Republicans accused Brunner of violating federal election laws and that she was “actively working to conceal fraudulent activity.”

Brunner said the lawsuit was “politically motivated.” She said “misstated technical information or glitches in databases” was the explanation for some mismatched information on voter registration forms.

“Many of those discrepancies bear no relationship whatsoever to a voter’s eligibility to vote a regular, as opposed to a provisional, ballot,” Brunner said last week in a court filing. The mismatches “may well be used at the county level unnecessarily to challenge fully qualified voters and severely disrupt the voting process.”

Last week, the U.S. Supreme Court took up the case and, in a two-page unanimous opinion, dismissed the lower court’s ruling on a technicality. The justices said lawsuits “brought by a private litigant” could not be used to enforce states to abide by federal laws.
“We express no opinion on the question whether HAVA is being properly implemented,” the unsigned opinion said.  

In a statement, Boehner said he wants Mukasey to intervene and enforce Brunner to comply with HAVA and verify votes.  

The Court ruled that the a private entity did not have the legal standing to enforce federal laws, leading Boehner to ask Attorney General Mukasey to compel Brunner to comply, which would mean providing access to a computerized statewide database, as required under HAVA,” Boehner’s statement says.   

Rick DavisSen. John McCain‘s campaign manager, said Brunner is seeking to “minimize the level of fairness and transparency in this election.”

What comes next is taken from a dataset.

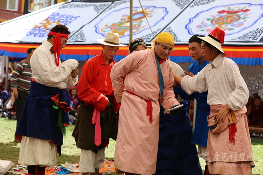 不過(guò)依照習(xí)慣,大家還是要募捐。誰(shuí)家募捐了多少,藏戲團(tuán)會(huì)在“央勒節(jié)”的最后一天,即藏戲演出的尾聲“扎西交”上道謝?!霸鹘弧庇袔讓右饬x,祝賀本次“央勒節(jié)”功德圓滿(mǎn),祈愿來(lái)年五谷豐登幸福安康,感謝上天賜予大地的恩惠。演員們向供奉在大帳篷中央的祖師爺唐東杰布莊重磕頭,把撒糌灑向天空,謝幕,“央勒節(jié)”便在熱烈的氣氛中結(jié)束了。每當(dāng)聽(tīng)到話(huà)筒里喊出:“XX顧伙(顧伙:巴塘方言藏語(yǔ),即搭帳篷的某一家),捐款XX元,道謝了!”時(shí),大家都會(huì)生出不舍與惆悵之感,撤帳篷回家,日子又恢復(fù)到平常的瑣碎里了。
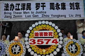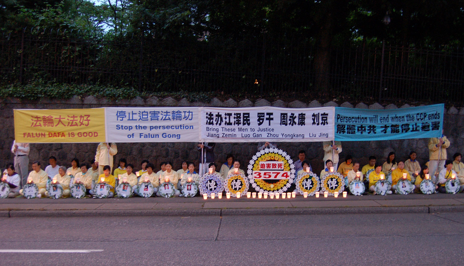 中领馆前的马路边,车流如水不断,十三年来,温哥华民众都知道法轮功学员的遭遇,与他们的和平抗议方式,当晚经过时纷纷鸣笛表示支持,或缓缓而行注视着眼前的肃穆场面。法轮功学员手捧上百个花圈,悼念三千五百七十四名有名有姓在中国被迫害致死的法轮功学员。

Various polling data show McCain’s opponent, Sen. Barack Obama, leading in Ohio by five to seven percentage points.

But Republicans, perhaps fearing a Democratic victory, have called into question the integrity of hundreds of thousands new voter registrations.

One of the most notable targets is the Association of Community Organizations for Reform Now (ACORN), a grassroots group that has registered hundreds of thousands of new voters this year. ACORN is reportedly under federal investigation for engaging in what Republicans believe is a nationwide voter registration fraud scheme.

Trying to salvage his campaign, John McCain has jumped into the ACORN case, too, citing it at the third presidential debate. He declared ACORN “is now on the verge of maybe perpetrating one of the greatest frauds in voter history in this country, maybe destroying the fabric of democracy.”

However, the investigations launched against ACORN – now including the reported involvement of the FBI – have raised other concerns, especially that Republicans are flogging this issue in an effort to stir up anger, to revive McCain’s campaign, and to intimidate new voters.

For its part, ACORN has insisted that its own quality control flagged many of the suspicious registration forms before they were submitted to state officials and that state laws often require outside registration groups to submit all forms regardless of obvious problems.